Johnson told reporters later he had received “a charming letter” from Ayrault saying how much he looked forward to working together and to deepening Anglo-French cooperation.
But he acknowledged: “After a vote like the referendum result on June 23, it is inevitable there is going to be a certain amount of plaster coming off the ceiling in the chancelleries of Europe.
“It wasn’t the result they were expecting. Clearly they are making their views known in a frank and free way.”
Johnson was accused of misleading voters by proclaiming that Britain was paying 350 million pounds ($468 million) a week to the EU that could be spent on the National Health Service. The figure did not take account of London’s budget rebate or of EU spending on public and private sector projects in the UK.
EU leaders including European Council President Donald Tusk condemned Johnson’s comparison during the campaign of the EU’s goals with those of Hitler and Napoleon.
The rambunctious former mayor of London has insulted or lampooned a series of world leaders including U.S. President Barack Obama, Turkish President Tayyip Erdogan, German Chancellor Angela Merkel and both the Democratic and Republican candidates to succeed Obama.
After the June 23 vote to leave the European Union, Johnson took time off to play cricket and abruptly dropped a widely expected bid to stand as prime minister in place of fellow Conservative David Cameron, who had campaigned to stay in.

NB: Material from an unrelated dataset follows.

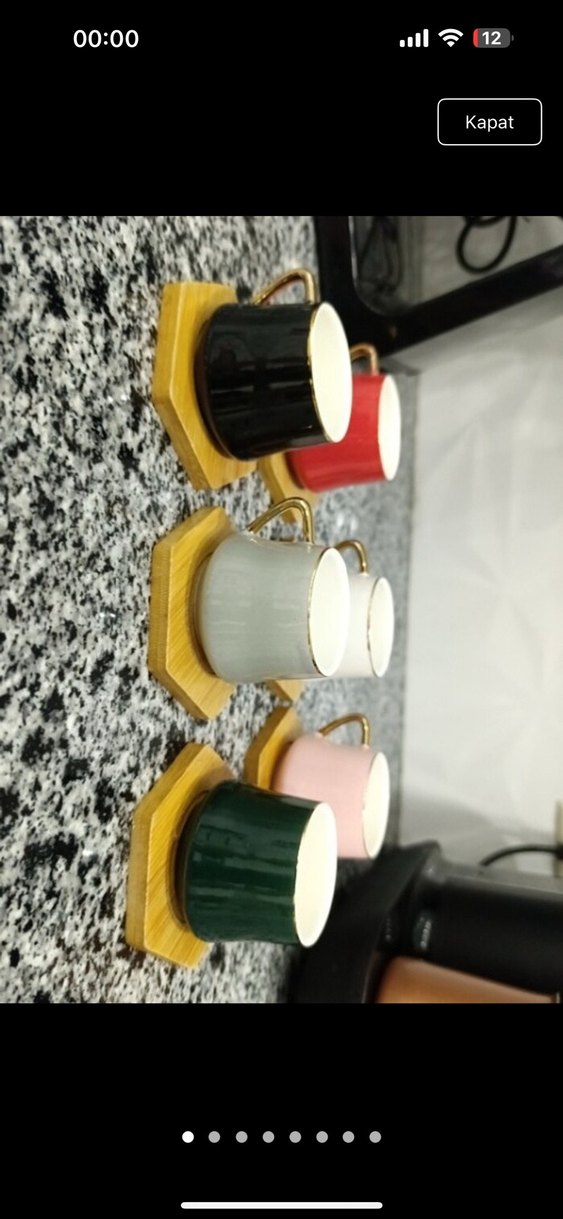 Altıgen ahşap altlıklara sahip, siyah, kırmızı, gri, pembe ve yeşil renklerde seramik fincan seti. Altın sap detaylıdır. ☕ Az kullanıldı fiyatta yardımcı olurum ‼️‼️

Cameron’s successor, Theresa May, named the former mayor of London and one-time EU-bashing Brussels journalist as her foreign secretary late on Wednesday, and put another veteran Eurosceptic, David Davis, in charge of EU exit negotiations.

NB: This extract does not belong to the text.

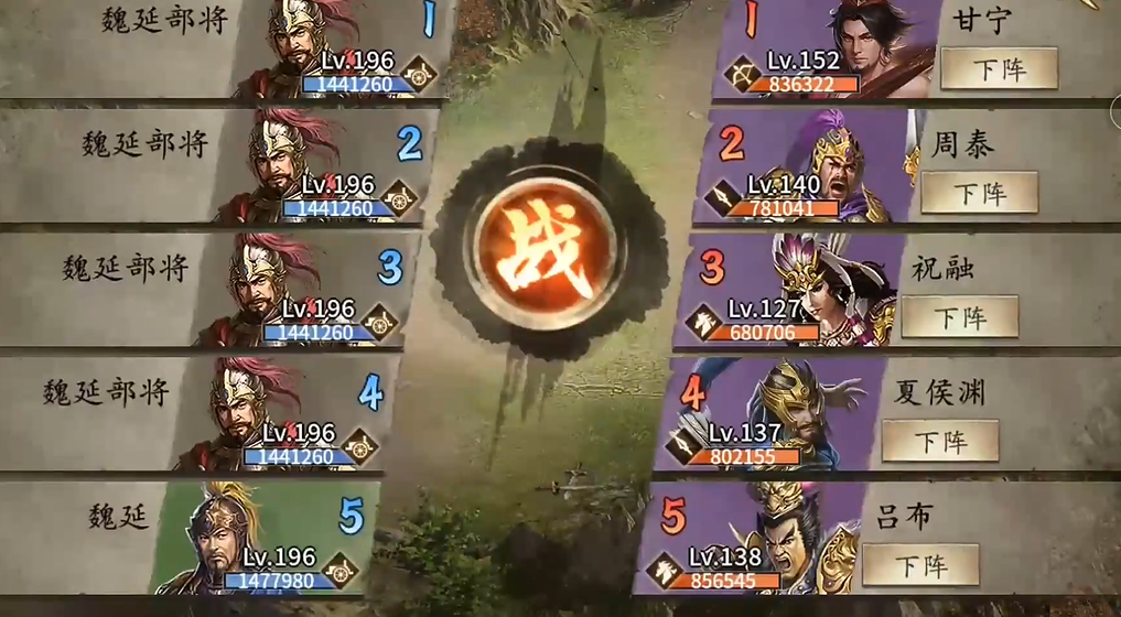 夏侯渊在这个阵容里扮演着控制角色,烛龙套装能封锁住敌方第三、第四将的战法。周泰则需要霸下套装和曹仁副将,战车护甲越高越好,确保每排兵都能有效杀伤敌人。最后收尾的关羽穿着灵龟套装,一定要把觉醒战法留到关键时刻,专门用来收拾残血的敌将。

German Foreign Minister Frank-Walter Steinmeier said Johnson’s appointment was a clear signal that Britain intended to leave the European Union and urged May to end uncertainty and give formal notice soon of London’s intention to withdraw.
Merkel declined comment on Johnson’s elevation when asked on a visit to Kyrgyzstan, but Steinmeier indirectly branded him “irresponsible”.

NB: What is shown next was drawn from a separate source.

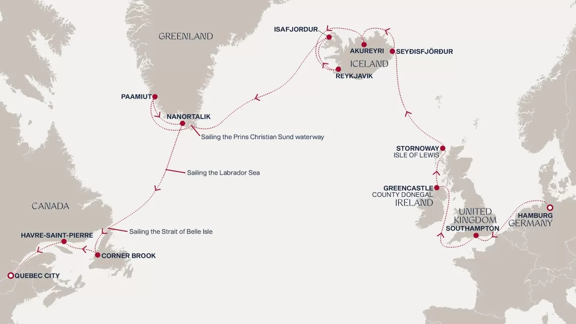Маршрут круиза: Гамбург - море - Саутгемптон / Лондон - море - Гринкасл - Сторновей - море - Сейдисфьордюр - Акюрейри - Рейкьявик - Рейкьявик - Исафьордюр - море - пролив Принца Кристиана - Паамиут - Нанорталик - море - море - Корнер-Брук - Авр-Сен-Пьер - Квебек - Квебек
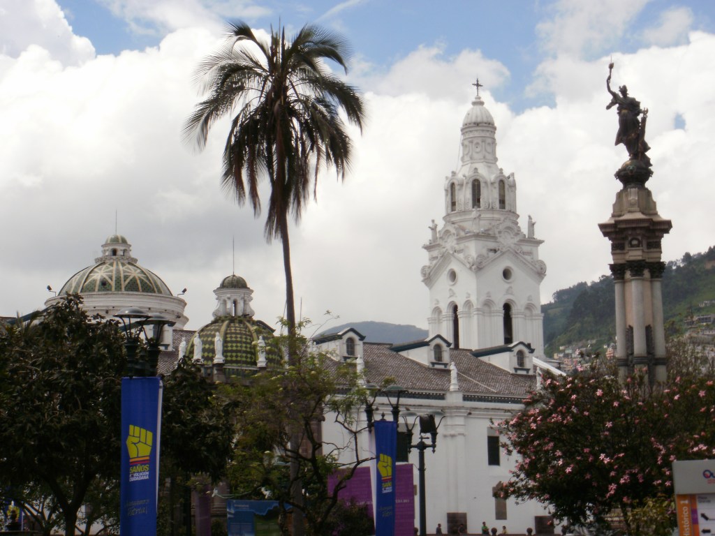 El programa de quince días de duración incluía como grandes objetivos los célebres volcanes Cotopaxi (5897 m) y el Chimborazo (6310 m). Para ello era precisa una primera fase de aclimatación, que incluía las ascensiones del Fuya Fuya (4263 m), Rucu Pichincha (4784 m) e Illiniza Norte (5126 m). Nuestra primera jornada en Ecuador iba a ser tranquila, de todos modos, dedicada al turismo en Quito. Esta ciudad posee el centro histórico colonial más rico de América Latina, Patrimonio de la Humanidad desde 1978. Su historia se remonta a bastante antes de su fundación oficial por Sebastián de Benalcázar en 1534. Los pueblos Cara y Shiri establecieron en ella su capital antes de la conquista Inca. En los últimos años del Tahuantinsuyu Quito, ciudad natal de Atahualpa. llegó a disputar la capitalidad a Cuzco. Tras la captura de Atahualpa por los españoles y su derrota en la batalla del Chimborazo, el general Rumiñahui ordenó reducir a pavesas la ciudad y trasladar el Tesoro a lugar seguro. Pese a las torturas que le infligieron los conquistadores, el héroe inca no reveló su ubicación, y así permanece hasta hoy.

Speaking just before Johnson was appointed, Steinmeier said: “It is bitter for Britain. People there are experiencing a rude awakening after irresponsible politicians first lured the country into Brexit then, once the decision was made, bolted and instead of taking responsibility went off to play cricket.
“I find this outrageous but it’s not just bitter for Britain. It’s also bitter for the European Union.”
Bastille day boos
Attending a Bastille Day reception at the French ambassador’s residence in London on Wednesday evening, Johnson was booed by a small section of the crowd of several hundred mostly French and British guests.
That was a foretaste of the potentially hostile reception he can expect when he attends his first EU foreign ministers’ meeting in Brussels on Monday.
EU foreign policy chief Federica Mogherini had invited ministers to an informal night-before dinner to discuss the foreign policy impact of Brexit, but diplomats said that date was now in doubt following Johnson’s nomination.
Former Belgian Prime Minister Guy Verhofstadt, now the leading federalist liberal in the European Parliament, summed up the feelings of many on the continent when he tweeted: “Clearly British humour has no borders.”
Rebecca Harms, leader of the ecologist Greens group in the EU legislature said: “At first I thought it was a joke. Now I don’t know whether to laugh or cry. But I know it’s not good when irresponsibility is rewarded in politics.”
Johnson made his name as a Daily Telegraph journalist in Brussels in 1989-94, attacking the federalist ambitions of then European Commission President Jacques Delors and lampooning EU regulation, often stretching the facts to breaking point.
“He was already a little brat back then and he hasn’t changed,” Pascal Lamy, who was Delors’ chief of staff and later head of the World Trade Organisation, said last month.
Earlier this year, Johnson won a magazine prize for a limerick depicting Erdogan cavorting with a goat, written to ridicule the Turkish leader’s efforts to have German courts punish a German satirist for insulting him.
“His negative comments on Erdogan and Turkey are unacceptable,” a senior Turkish official said. “However we’re sure of one thing, that British-Turkish relations are more important than that and can’t be hostage to these statements.
“With his new responsibilities we are expecting a more positive attitude from Mr. Johnson,” said the official of the new British minister, who had a Turkish great-grandfather.
Some of the strongest criticism came in Britain’s own media.
The left-leaning Daily Mirror tabloid splashed a picture of then mayor Johnson strapped on a zipwire at the London Olympics wearing a helmet and waving Union Jack flags.